Sullivan’s – Maryville TN

Downtown Maryville - 121 W. Broadway Maryville, TN - 37804 - 865.681.3334
Rocky Hill - 7545 Northshore Dr - Knoxville, TN 37919 -  865.694.9696

To be, in any small way, a part of an event that brings mirthful glee to a friend is very rewarding to the soul. What brings this to mind is that the wife and I were invited to a surprise birthday party for a dear friend that was hosted by her adoring husband and family. The party was attended by about 25 friends and associates and it did come as a complete surprise to her; the secret had been well kept. The venue was The Alcove, a banquet room in Sullivan’s. It was a festive and enjoyable evening; old acquaintances renewed and new friendships formed. It was indeed a happy birthday for Rosana!

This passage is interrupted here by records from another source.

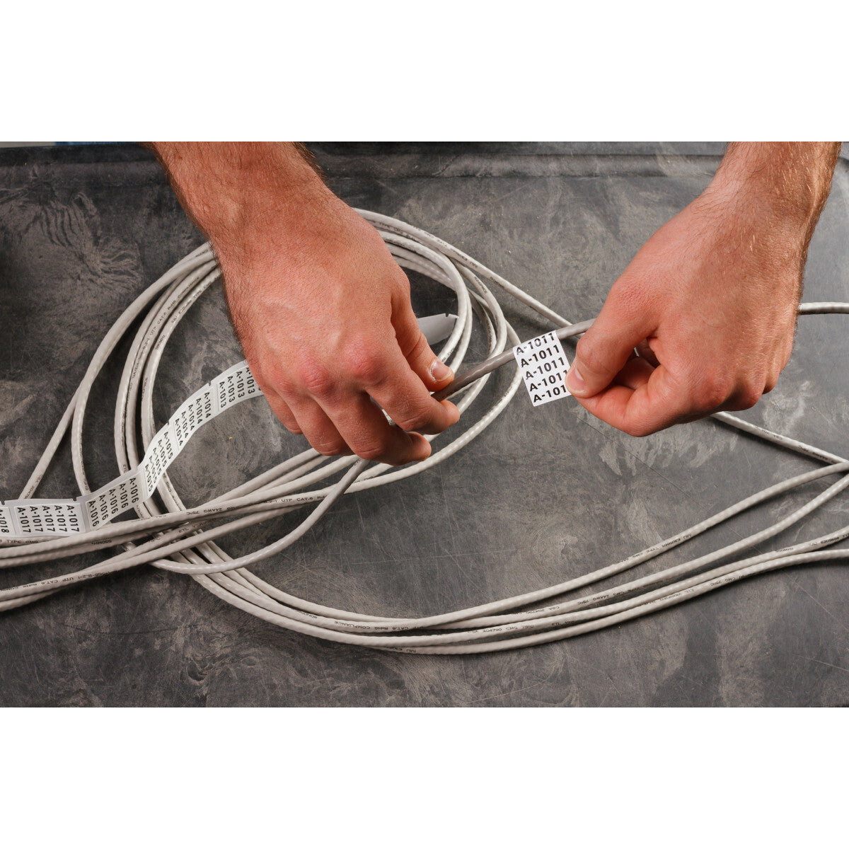 The Brady X-18-498 is a repositionable vinyl cloth label with dimensions of one inch by three-quarters of an inch. It is designed for wire and cable marking in various applications.
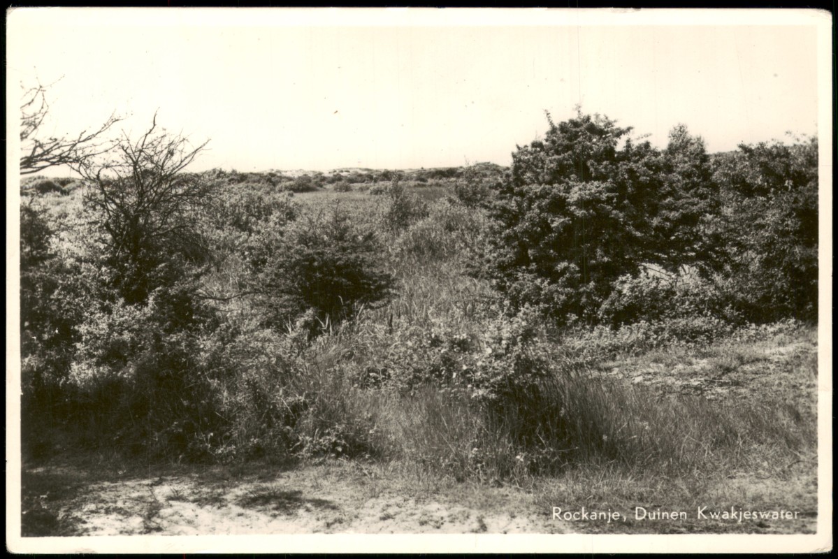 - Echte Fotografie (Real Photo) der Dünenlandschaft Kwakjeswater. Die Aufnahme zeigt die natürliche Vegetation und Dünenformationen des Gebiets. Herausgegeben von De Reproductie Compagnie (DRC), Rotterdam. Gedruckter Titel unten rechts auf der Vorderseite.
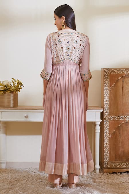 Rose gold angrakha style anarkali with zardozi & sequin embellishments. Comes with straight pants, inner & belt
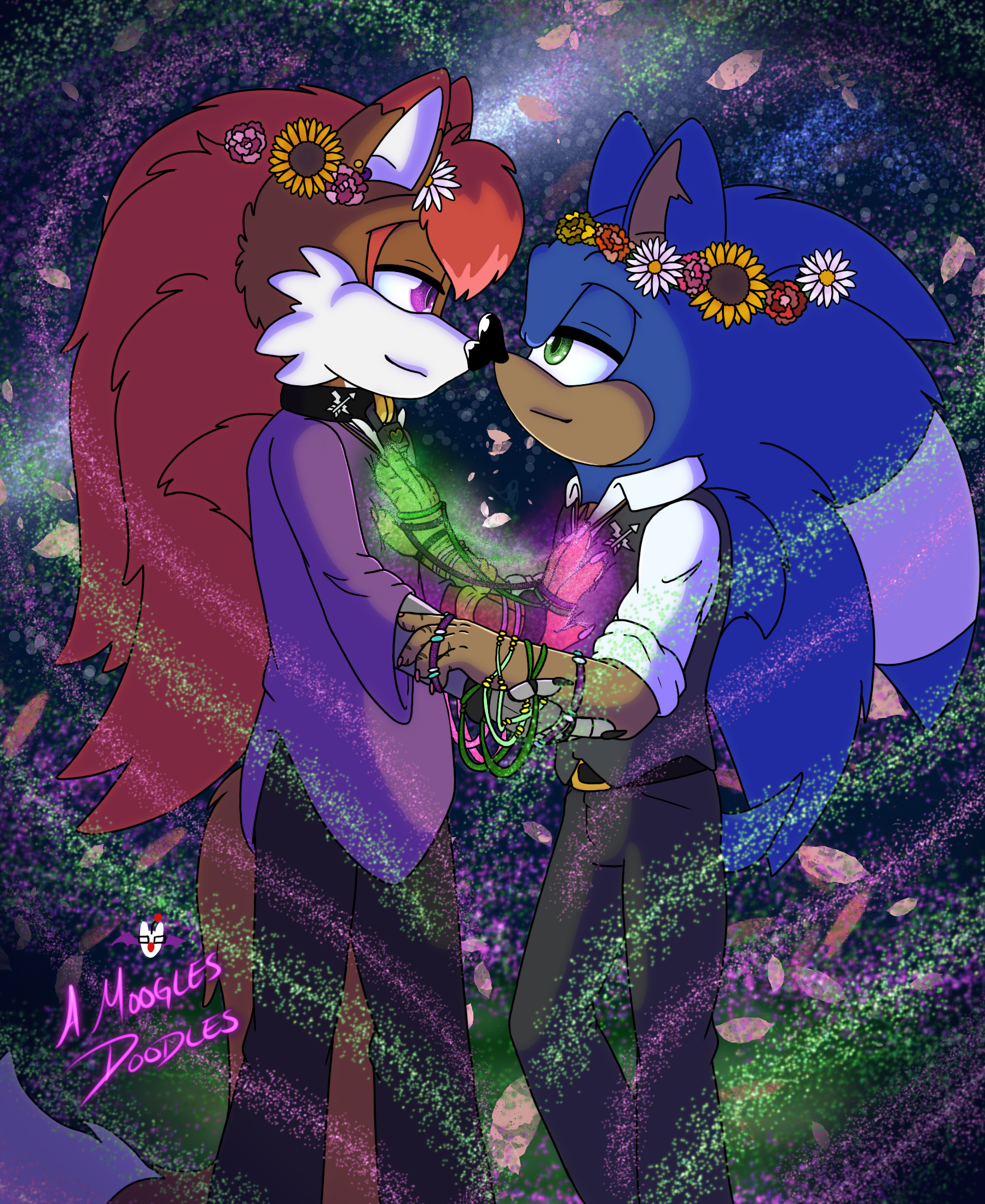 I want to catch up on the amount of art I haven’t posted lately. Here’s one from the thread on tumblr with Arrow and Volt having a lovely handfasting ceremony.
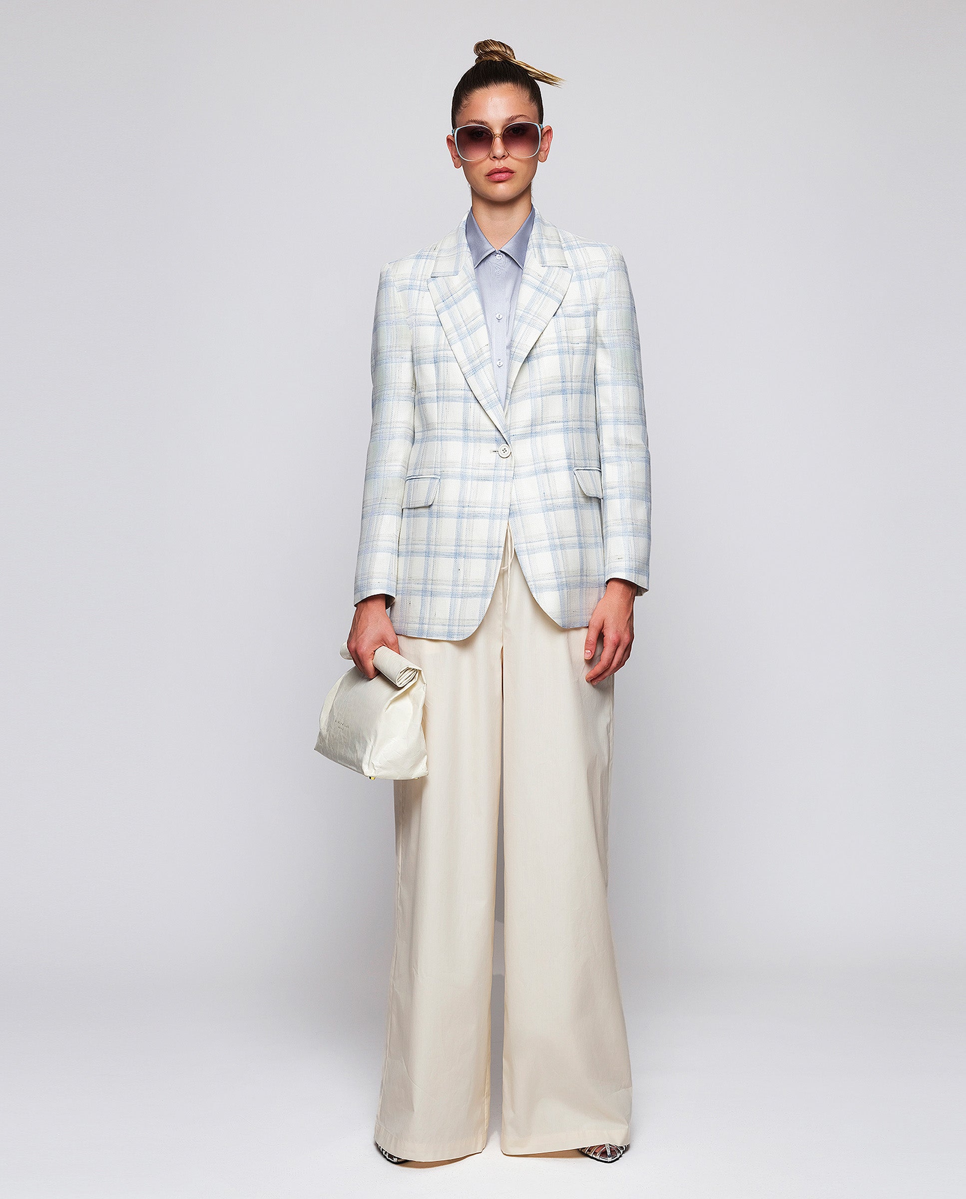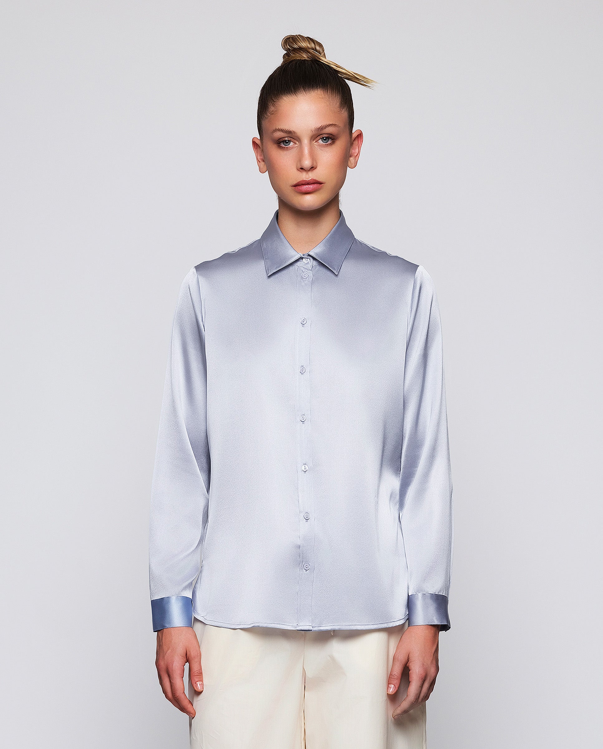 Blusa azul lavanda de seda elástica. Cuello camisero, cierre central con botones, manga larga con puño. Fit recto.
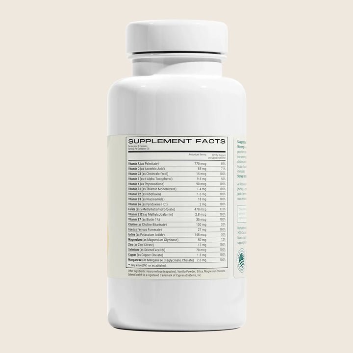Nuestras multivitaminas prenatales actúan desde el primer momento, proporcionando los nutrientes clave que tu cuerpo necesita para prepararse para el embarazo, mantenerlo saludable y recuperarte después. El folato y la colina son esenciales para el desarrollo del cerebro y el tubo neural de tu bebé, mientras que el hierro y las vitaminas B te ayudan a mantener tu energía y vitalidad.
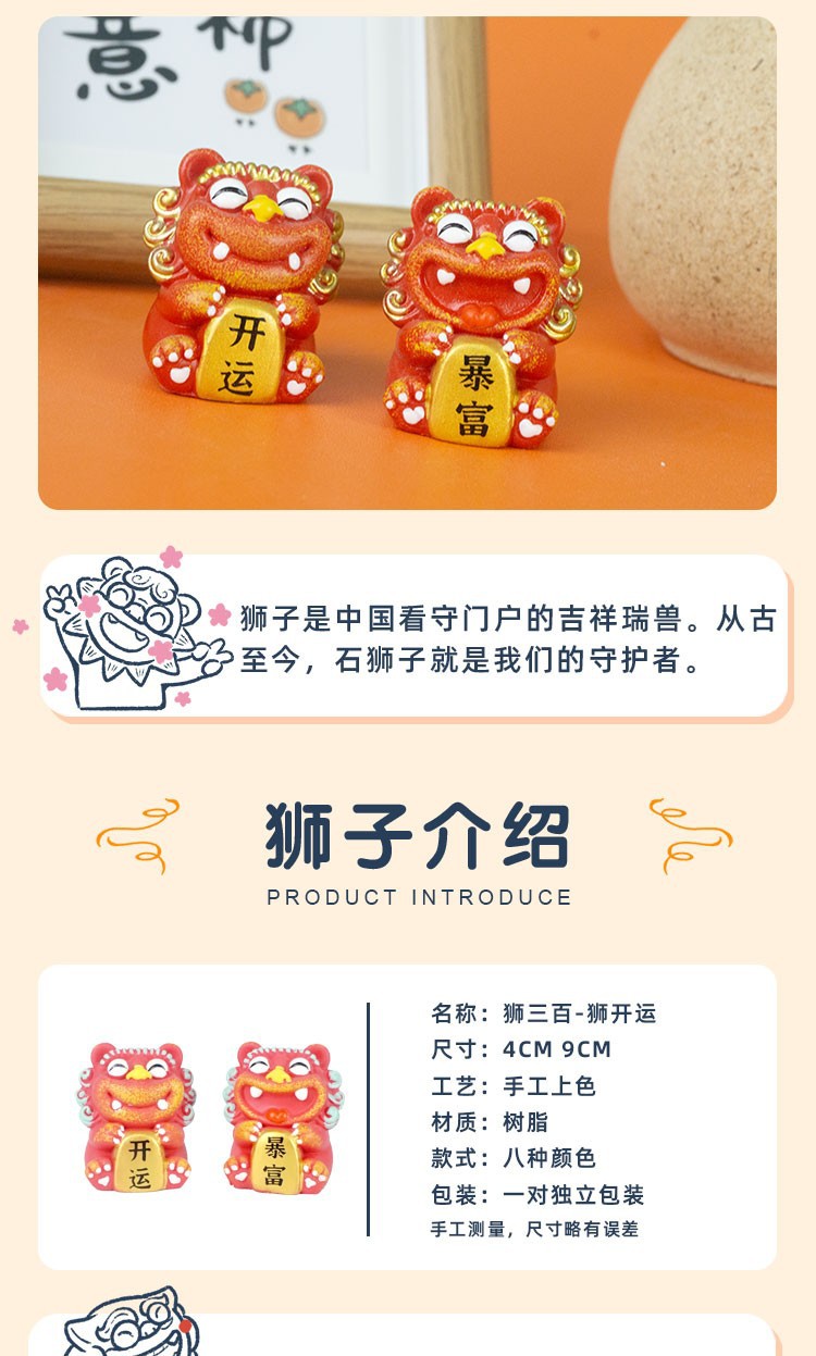 [소형] 사자 300마리 행운의 민난 돌 사자 4.5cm 서재 가정용 가구 오픈 기념품
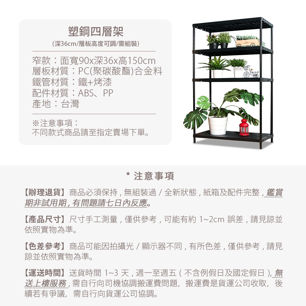 晴天媽咪 塑鋼多功能四層置物架 (寬90x深36x高150cm) 層架 置物架 收納 免運費 廠商直送
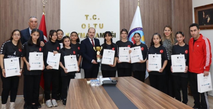 Oltu Kaymakamı Mustafa Çiftçi, ilçenin gururu haline gelen Cumhuriyet Ortaokulu Hentbol Takımı’nı makamında kabul etti. Oltu Kaymakamı, son dört yıldır okul sporları il müsabakalarında yenilgi yüzü görmeyen ve dördüncü kez üst üste il birincisi olma başarısı gösteren takıma teşekkür etti.
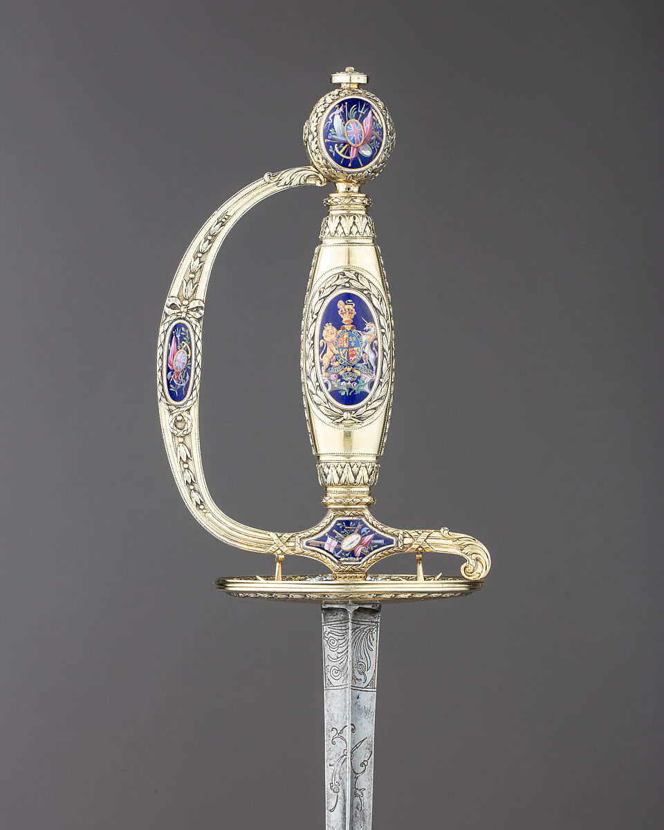 English smallsword hilts in gold or silver-gilt, set with colored enamels, were the specialty of the London goldsmith James Morisset. The majority were created for presentation to British naval officers during the Napoleonic wars. This example is inscribed on the underside of the shell: "The Committee of Merchants of London presented this sword to Lieutenᵗ John Burn for his active and spirited conduct on board His M.S. the Beaulieu during the late mutiny at the Nore in 1797. Hugh Inglish Esq., Chairman."

This was our first ever visit to Sullivan’s located in the historic downtown section of Maryville, Tennessee. One of two local area stores, it is conveniently located across the street from a free public parking lot but that is problematical if other events are taking place in adjoining venues. The Sullivan’s building is also conveniently located alongside a picturesque set of brick “Spanish Steps” that lead to the lower street and another parking structure below. It was but a short walk in the rain that brought us to the front door of Sullivan’s.

As is normal with banquets, a pared down menu was offered that included selections of fish, meat, pasta and chicken.  All were served with the house salad and a selection from the sides offered;  an interesting assortment that included baked creamed spinach, Southern-style green beans, sweet potato casserole, Boursin mashed potatoes ( I had to look that one up) and jalapeño cheese grits. Beverages included iced tea, Coca Cola products and Vienna coffee.

A dinner roll was provided and butter available from any of the serving dishes on the table. The house salad is a nice large salad plate of mixed greens with some pickled cucumber slices, some plum tomatoes and seasoned with fresh cooked bacon crumbles, shredded cheese and croutons. The salad dressing is served on the side. It was a nice salad with a variety of tasty things to eat.

The wife chose the sirloin and decided on the Boursin mashed potatoes; potatoes made with a garlic and herb flavored Boursin cheese.(** See Wikipedia note below) The sirloin was a nice-sized, about an eight-ounce filet, that was cooked medium-rare to order. The mashed potatoes were served in a ramekin; the plate decorated with what I believe was a Balsamic reduction. She said the steak was tender, cooked to order and had very good flavor. She quite enjoyed the flavor of the Boursin mashed potatoes. Let it be noted that there was no doggie bag this time. I do believe she thoroughly enjoyed her steak and potatoes.

The salad was good, crisp fresh greens and a variety of tastes and textures; something I consider an important asset for a salad. Soon after the salad plate had been cleared away my entrée, the Garden Fresh Pasta, arrived. It was a substantial serving and I knew I wouldn’t go away hungry after the meal was completed. The penne was cooked al dente; not always easy with the thicker pastas. It was well covered with an agreeable Alfredo sauce. There was a good portion of tender Italian-style vegetables; broccoli, carrots and Italian beans. All was liberally decorated with shredded Parmigiano cheese and fresh chopped parsley. It was an attractive presentation, an adequate portion and tasted very good, a selection I would certainly enjoy again in any future visits to Sullivan’s. See our home version of this dish.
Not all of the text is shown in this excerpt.